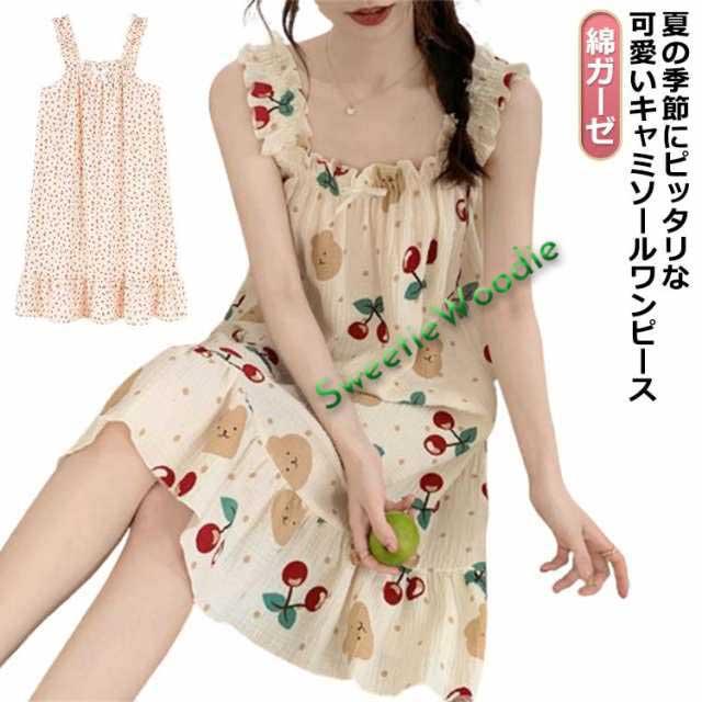 ワンピース レディース 姫系 綿ガーゼ ノースリーブ ルームウェア ナイトウェア インナー パジャマ 寝巻き 可愛い 高校生 花柄 キャミソール 女の子 ネグリジェ 大人 学生 寝間着 カジュアル 春 夏
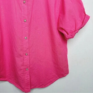 Aritzia Denim Forum Womens Size Xsmall Button Hot Pink Roll Sleeve Jane Shirt
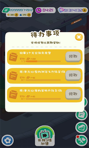 2、随着进度的不同,我们将有不同的任务需要完成。每完成一项任务,我们的收入就会更高。
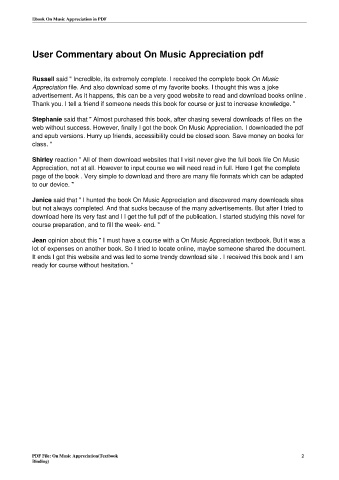 Janice said that " I hunted the book On Music Appreciation and discovered many downloads sites
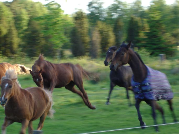 Har ingen rolig ny bild att visa så slänger in en gammal från 2005. På bilden ser ni syrrans hästar till vänster: Rosie, Pontus och Baron samt mina två till höger: Natasha och Lina.
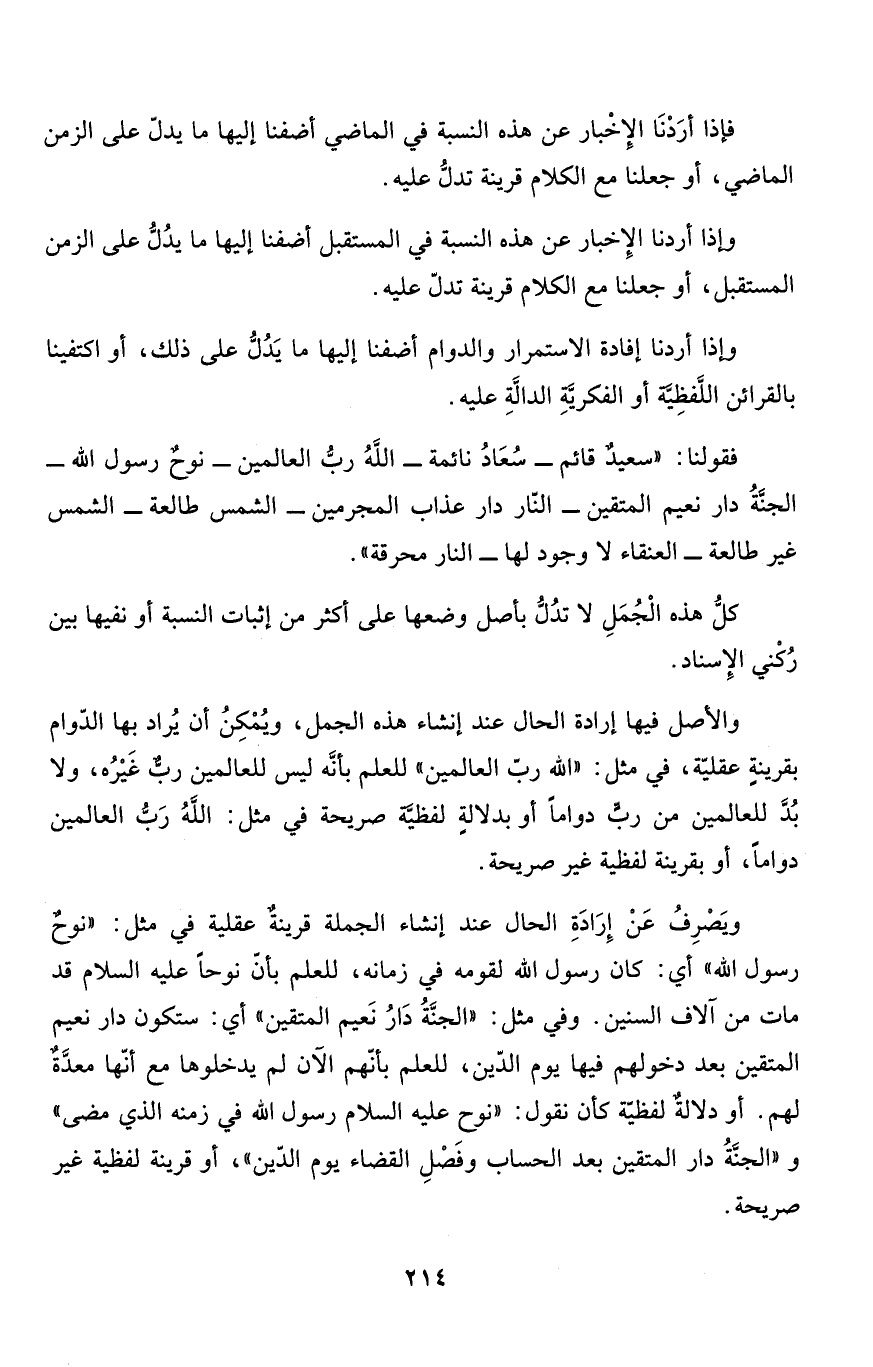 ويَصْرِفُ عَنْ إِرَادَةِ الحال عند إنشاء الجملة قرينةٌ عقلية في مثل: "نوحٌ رسول الله" أي: كان رسول الله لقومه في زمانه، للعمل بأنّ نوحاً عليه السلام قد مات من آلاف السنين، وفي مثل: "الجنَّةُ دَارُ نَعيم المتقين" أي: ستكون دار نعيم المتقين بعد دخولهم فيها يوم الدّين، للعلم بأنّهم الآن لم يدخلوها مع أنّها معدَّةٌ لهم. أو دلالةٌ لفظيّة كأن نقول: "نوح عليه السلام رسول الله في زمنه الذي مضى" و"الجنَّةُ دار المتقين بعد الحساب وفَصْلِ القضاء يوم الدّين"، أو قرينة لفظية غير صريحة.
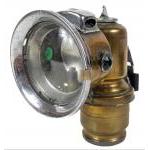 An interesting AUTOMOTIVE and RAILWAYANA lot to include a LUCAS KING OF THE ROAD early acetylene lamp (glass cracked), A brass LUCAS CALCIA CLUB carbide lamp with wear and broken front glass (green side glasses are good), an ELI GRIFFITH of Bradford Railway style lamp with good glass and a WESCO oil can. Four super items.
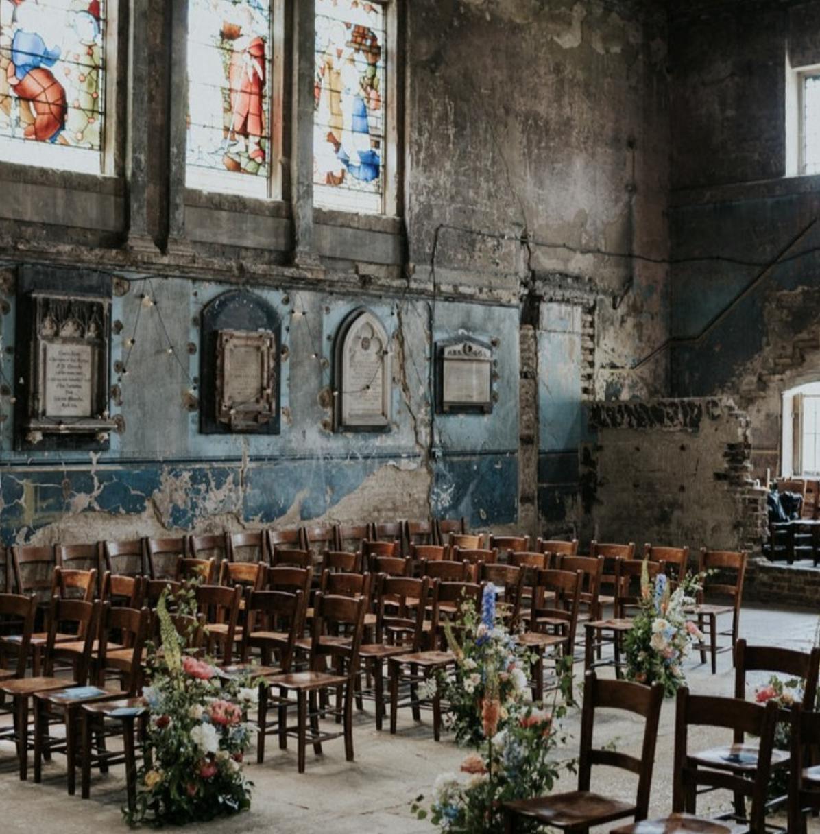- Asylum Chapel, London – A unique and atmospheric venue, Asylum Chapel features stunning stained glass windows, distressed walls, and a historic ambiance, perfect for a whimsical urban wedding.
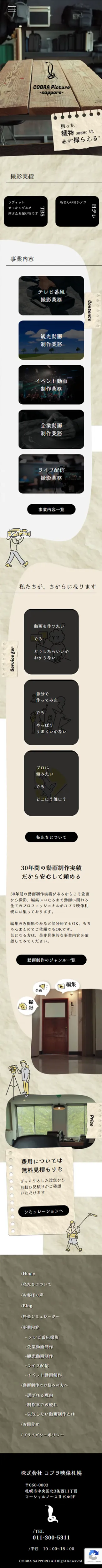 株式会社コブラ映像札幌様らしさでもある代表の人柄や想いが自然に伝わるよう、コーポレートサイトでありながらも人間味のある表現へとブラッシュアップを行っています。

= = =

Task directions: For the entries above, return an exact copy that omits the images.

Response area:
 ワンピース レディース 姫系 綿ガーゼ ノースリーブ ルームウェア ナイトウェア インナー パジャマ 寝巻き 可愛い 高校生 花柄 キャミソール 女の子 ネグリジェ 大人 学生 寝間着 カジュアル 春 夏
 Aritzia Denim Forum Womens Size Xsmall Button Hot Pink Roll Sleeve Jane Shirt
 2、随着进度的不同,我们将有不同的任务需要完成。每完成一项任务,我们的收入就会更高。
 Janice said that " I hunted the book On Music Appreciation and discovered many downloads sites
 Har ingen rolig ny bild att visa så slänger in en gammal från 2005. På bilden ser ni syrrans hästar till vänster: Rosie, Pontus och Baron samt mina två till höger: Natasha och Lina.
 ويَصْرِفُ عَنْ إِرَادَةِ الحال عند إنشاء الجملة قرينةٌ عقلية في مثل: "نوحٌ رسول الله" أي: كان رسول الله لقومه في زمانه، للعمل بأنّ نوحاً عليه السلام قد مات من آلاف السنين، وفي مثل: "الجنَّةُ دَارُ نَعيم المتقين" أي: ستكون دار نعيم المتقين بعد دخولهم فيها يوم الدّين، للعلم بأنّهم الآن لم يدخلوها مع أنّها معدَّةٌ لهم. أو دلالةٌ لفظيّة كأن نقول: "نوح عليه السلام رسول الله في زمنه الذي مضى" و"الجنَّةُ دار المتقين بعد الحساب وفَصْلِ القضاء يوم الدّين"، أو قرينة لفظية غير صريحة.
 An interesting AUTOMOTIVE and RAILWAYANA lot to include a LUCAS KING OF THE ROAD early acetylene lamp (glass cracked), A brass LUCAS CALCIA CLUB carbide lamp with wear and broken front glass (green side glasses are good), an ELI GRIFFITH of Bradford Railway style lamp with good glass and a WESCO oil can. Four super items.
- Asylum Chapel, London – A unique and atmospheric venue, Asylum Chapel features stunning stained glass windows, distressed walls, and a historic ambiance, perfect for a whimsical urban wedding.
 株式会社コブラ映像札幌様らしさでもある代表の人柄や想いが自然に伝わるよう、コーポレートサイトでありながらも人間味のある表現へとブラッシュアップを行っています。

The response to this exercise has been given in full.